#### [Activity]
Restate word for word the lines below that run from the one holding "Fluorescerende softshelljakke med" through the one holding "1. First of", inclusive. Pictures don't belong in the copy.
━━━━━ Provided data
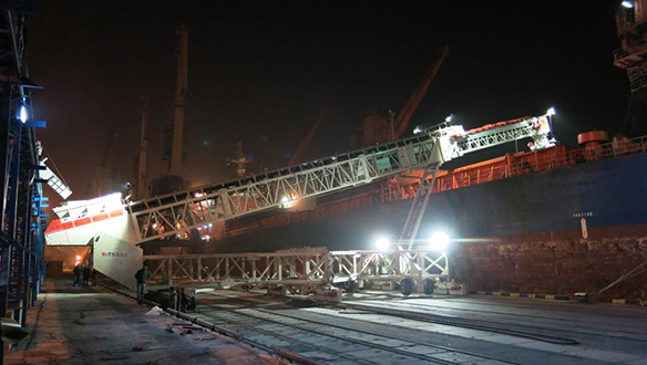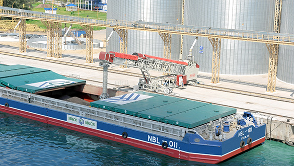 Гнучкий процес завантаження судна завдяки плавному пересуванню уздовж причалу/судна по рейках
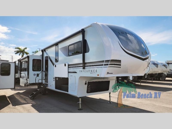 Any Grand Design Influence fifth wheel features five-sided aluminum cage construction with a walk-on roof and a fully enclosed underbelly with heated tanks and storage for all weather camping. For peace of mind, the MORryde CRE3000 Suspension system and ABS braking system will provide safe and smooth towing, and the 101" widebody construction offers all the room you need and that is before multiple slides are fully engaged. You will appreciate the keyed alike locks, slam-latch baggage doors with magnetic door catches, exterior security light, and solid surface entry steps. On the inside, Congoleum flooring, premium roller shades for privacy, a hallway handrail for safety, and nightstands with USB ports to keep all of your electronics fully charged. You will also love the On Demand tankless water heater when showering, plus the added heat and ambiance from an electric fireplace, and so much more!
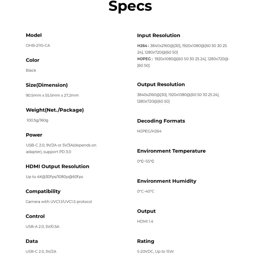Adapter OBSBOT UVC na HDMI 2.0 dla Tiny 2, małych kamery internetowe 4K/1080P Meet 4K/1080P UVC
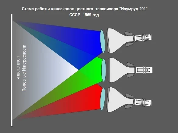 Если вместо одного цветного кинескопа использовать три черно-белых, раздав каждому свой цвет (синий, зеленый, красный), а затем все три изображения проецировать на общий экран, то получим цветное изображение.
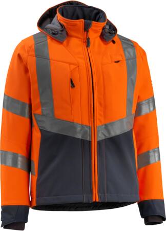 Fluorescerende softshelljakke med reflekser. Åndbar, vindtæt og vandafvisende med fleecefor. Aftagelig hætte og forlænget ryg.
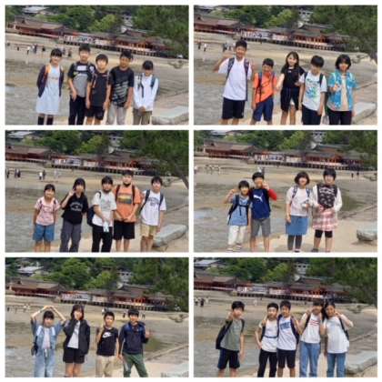 厳島神社の本殿をバックに記念撮影。
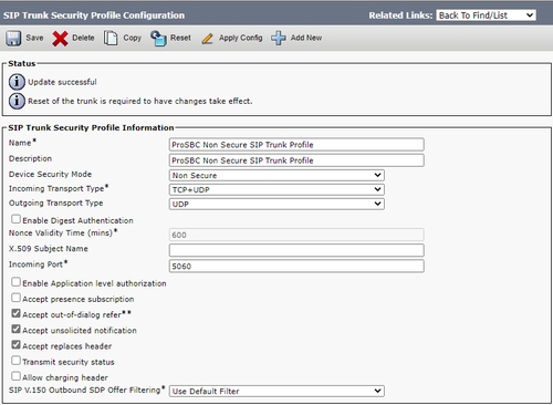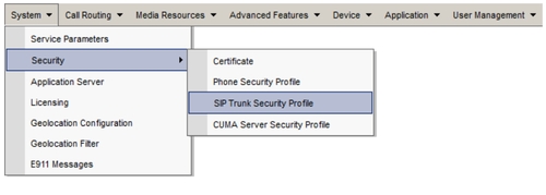 1. First of all it is necessary to specify a SIP Trunk Security Profile which has to be applied to the ProSBC SIP trunk. The SIP Trunk Security Profile can be created or changed through the Security submenu of the System tab
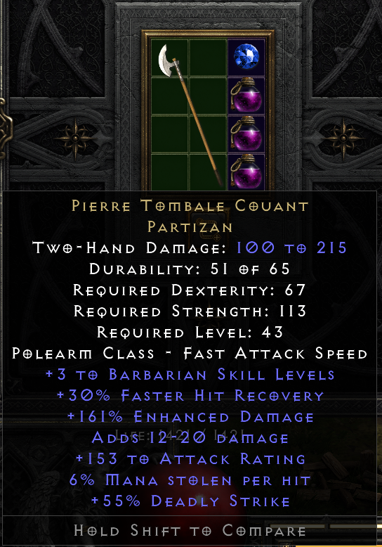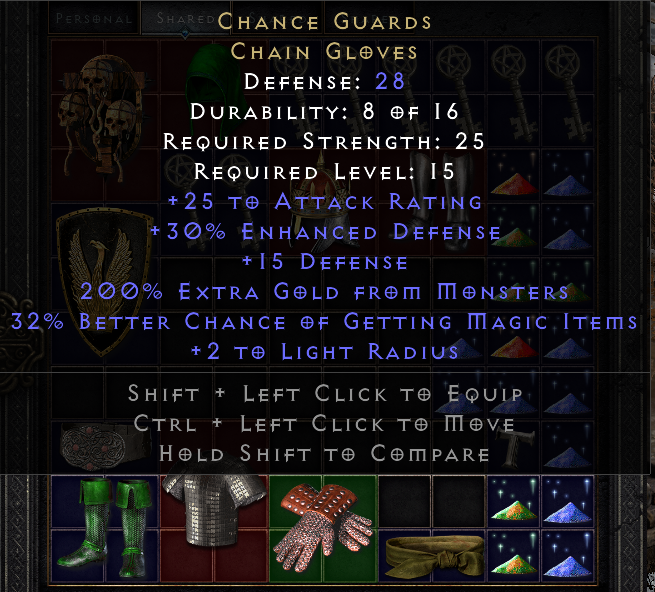 This tool provides a means of tracking and sharing progress towards the Holy Grail on LoD. Completing a standard Holy Grail means collecting all Uniques, Sets, and Runes in the game. When marking each item as found, you may include several details about the drop. If you are playing offline, you can also upload .d2s or .d2i (Shared Stash) files to automatically import your collection.
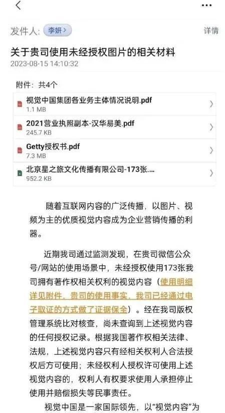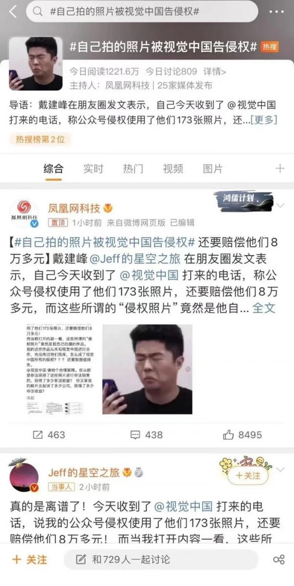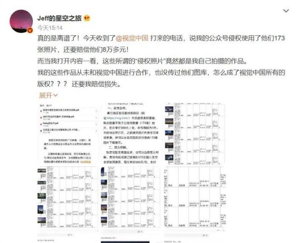 8月15日,微博名为“Jeff的星空之旅”的用户发文称,接到视觉中国方面电话、邮件,对方称公众号《Jeff的星空之旅》侵权使用视觉中国173张照片,要求赔偿8万多元。
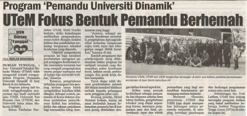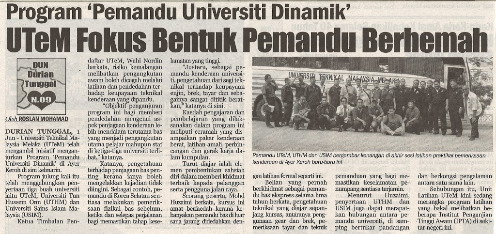 Program 'Pemandu Universiti Dinamik' UTeM Fokus Bentuk Pemandu Berhemah
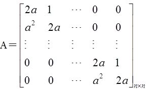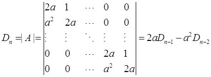 假设n≤k时,D k =(k+1)a k ,则当n=k+1时,有D k + 1 =2aD k -a 2 D k - 1 =2a(k+1)a k -a 2 ka k - 1 =(k+2)a k + 1 。
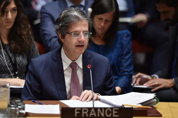 Francois Delattre, France’s ambassador at the UN during a Security Council session on 14 April 2018 (AFP)
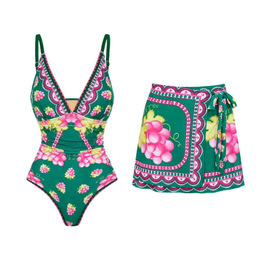 2024 Women Swimwear 2PC Cover-up Swimsuit Ruffle Dongbei Printed Deep V One-piece Monokini Kimono Bikini Suit Summer Beachwear
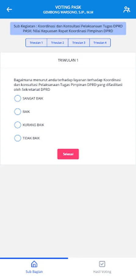 Members of the DKI Jakarta DPRD can vote through their respective sub-sections to get an index of satisfaction with an activity.
━━━━━━━━━━
#### [Task output]
 Fluorescerende softshelljakke med reflekser. Åndbar, vindtæt og vandafvisende med fleecefor. Aftagelig hætte og forlænget ryg.
 厳島神社の本殿をバックに記念撮影。
 1. First of all it is necessary to specify a SIP Trunk Security Profile which has to be applied to the ProSBC SIP trunk. The SIP Trunk Security Profile can be created or changed through the Security submenu of the System tab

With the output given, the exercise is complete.